Observational $5-20\mu$m Interstellar Extinction Curves Toward Star-Forming Regions Derived from Spitzer IRS Spectra

TL;DR

This study derives empirical interstellar extinction curves from 5-20 micrometer Spitzer spectra toward star-forming regions, revealing changes in dust properties with increasing extinction, likely due to ice-mantled grain coagulation.

Contribution

It provides the first detailed empirical extinction curves in the 5-20 micrometer range for various extinction levels, linking curve shape changes to ice and grain coagulation processes.

Findings

Extinction curves resemble diffuse ISM for low extinction but differ at higher extinction levels.

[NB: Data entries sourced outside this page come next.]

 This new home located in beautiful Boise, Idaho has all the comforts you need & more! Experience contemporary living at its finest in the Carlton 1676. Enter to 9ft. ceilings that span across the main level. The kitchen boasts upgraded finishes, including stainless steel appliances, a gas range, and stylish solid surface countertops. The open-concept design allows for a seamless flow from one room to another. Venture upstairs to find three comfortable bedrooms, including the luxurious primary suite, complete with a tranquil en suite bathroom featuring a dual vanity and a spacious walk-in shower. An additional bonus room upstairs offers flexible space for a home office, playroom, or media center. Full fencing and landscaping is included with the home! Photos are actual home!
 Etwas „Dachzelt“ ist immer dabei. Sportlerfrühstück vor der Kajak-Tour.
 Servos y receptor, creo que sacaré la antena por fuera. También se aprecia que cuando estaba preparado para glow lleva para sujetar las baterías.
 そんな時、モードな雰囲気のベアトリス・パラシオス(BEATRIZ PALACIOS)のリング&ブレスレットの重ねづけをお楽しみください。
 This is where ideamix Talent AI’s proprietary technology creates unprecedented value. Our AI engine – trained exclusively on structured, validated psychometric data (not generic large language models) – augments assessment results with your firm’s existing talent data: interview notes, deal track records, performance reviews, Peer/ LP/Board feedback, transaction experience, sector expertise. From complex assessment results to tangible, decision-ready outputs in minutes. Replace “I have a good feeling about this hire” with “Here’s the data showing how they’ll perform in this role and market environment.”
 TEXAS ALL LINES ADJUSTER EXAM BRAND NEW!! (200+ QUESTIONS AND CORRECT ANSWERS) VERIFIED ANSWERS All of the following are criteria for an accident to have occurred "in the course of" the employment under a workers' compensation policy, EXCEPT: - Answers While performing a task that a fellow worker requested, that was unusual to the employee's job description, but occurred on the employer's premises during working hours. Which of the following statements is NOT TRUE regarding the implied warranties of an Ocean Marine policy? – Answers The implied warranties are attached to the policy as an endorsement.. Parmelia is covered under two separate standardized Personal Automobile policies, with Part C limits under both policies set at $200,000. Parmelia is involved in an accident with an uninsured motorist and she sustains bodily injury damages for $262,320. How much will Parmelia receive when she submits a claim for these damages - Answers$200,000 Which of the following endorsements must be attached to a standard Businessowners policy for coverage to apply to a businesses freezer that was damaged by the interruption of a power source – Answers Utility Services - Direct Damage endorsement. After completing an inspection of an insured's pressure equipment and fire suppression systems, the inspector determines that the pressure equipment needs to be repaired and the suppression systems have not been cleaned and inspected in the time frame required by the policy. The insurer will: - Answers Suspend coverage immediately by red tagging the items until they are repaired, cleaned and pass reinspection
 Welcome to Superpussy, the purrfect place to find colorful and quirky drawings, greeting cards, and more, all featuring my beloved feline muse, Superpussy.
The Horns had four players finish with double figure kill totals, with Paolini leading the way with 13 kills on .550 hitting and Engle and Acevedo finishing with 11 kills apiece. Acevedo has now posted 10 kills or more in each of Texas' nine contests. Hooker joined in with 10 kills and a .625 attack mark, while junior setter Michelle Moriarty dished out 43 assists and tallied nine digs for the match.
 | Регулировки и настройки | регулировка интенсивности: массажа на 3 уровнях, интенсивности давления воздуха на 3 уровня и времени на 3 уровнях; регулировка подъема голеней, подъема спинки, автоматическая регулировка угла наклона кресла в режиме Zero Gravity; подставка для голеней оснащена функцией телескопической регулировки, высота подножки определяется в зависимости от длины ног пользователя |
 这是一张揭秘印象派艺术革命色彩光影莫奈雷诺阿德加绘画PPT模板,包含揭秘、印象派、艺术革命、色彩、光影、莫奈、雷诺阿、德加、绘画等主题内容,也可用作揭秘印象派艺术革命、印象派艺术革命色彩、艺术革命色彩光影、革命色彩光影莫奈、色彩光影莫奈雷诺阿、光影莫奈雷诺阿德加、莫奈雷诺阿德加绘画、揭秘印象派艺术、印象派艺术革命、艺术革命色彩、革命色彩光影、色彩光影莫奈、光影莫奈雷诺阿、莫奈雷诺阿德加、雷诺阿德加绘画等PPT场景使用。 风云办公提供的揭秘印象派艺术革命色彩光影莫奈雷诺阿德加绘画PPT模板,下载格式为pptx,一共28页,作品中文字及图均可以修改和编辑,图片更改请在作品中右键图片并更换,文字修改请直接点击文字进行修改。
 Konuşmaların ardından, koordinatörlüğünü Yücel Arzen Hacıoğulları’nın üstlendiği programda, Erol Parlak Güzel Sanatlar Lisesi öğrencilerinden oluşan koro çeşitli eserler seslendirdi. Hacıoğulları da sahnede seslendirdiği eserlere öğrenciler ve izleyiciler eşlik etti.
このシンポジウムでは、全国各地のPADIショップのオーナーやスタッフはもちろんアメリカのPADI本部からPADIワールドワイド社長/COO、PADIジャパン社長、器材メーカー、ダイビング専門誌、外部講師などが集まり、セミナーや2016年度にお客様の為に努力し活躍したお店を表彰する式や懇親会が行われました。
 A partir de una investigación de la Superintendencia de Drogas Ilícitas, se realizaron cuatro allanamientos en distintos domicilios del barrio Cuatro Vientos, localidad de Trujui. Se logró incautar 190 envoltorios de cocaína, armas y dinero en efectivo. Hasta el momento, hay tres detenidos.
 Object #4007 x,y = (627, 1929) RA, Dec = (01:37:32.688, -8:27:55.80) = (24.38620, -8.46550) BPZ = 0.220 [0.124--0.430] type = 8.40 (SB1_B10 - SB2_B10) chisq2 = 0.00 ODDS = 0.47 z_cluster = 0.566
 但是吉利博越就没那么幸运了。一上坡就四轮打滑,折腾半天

Ice absorption features correlate with changes in the extinction curve shape.

Grain coagulation involving ice mantles likely causes the observed extinction curve variations.

Abstract

Using \emph{Spitzer} Infrared Spectrograph observations of G0--M4 III stars behind dark clouds, I construct $5-20\mu$m empirical extinction curves for $0.3\leq A_K<7$, which is equivalent to $A_V$ between $\approx$ 3 and 50. For $A_K<1$ the curve appears similar to the \citet{mathis90} diffuse interstellar medium extinction curve, but with a greater degree of extinction. For $A_K>1$, the curve exhibits lower contrast between the silicate and absorption continuum, developes ice absorption, and lies closer to the \citet{wd01} $R_V=5.5$ case B curve, a result which is consistent with that of \citet{flaherty07} and \citet{chiar07}. Recently work using \emph{Spitzer} Infrared Array Camera data by \citet{chapman08} independently reaches a similar conclusion, that the shape of the extinction curve changes as a function of increasing $A_K$. By calculating the optical depths of the $9.7\mu$m silicate and 6.0, 6.8, and 15.2 $\mu$m ice features, I determine that a process involving ice is responsible for the changing shape of the extinction curve and speculate that this process is coagulation of ice-mantled grains rather than ice-mantled grains alone.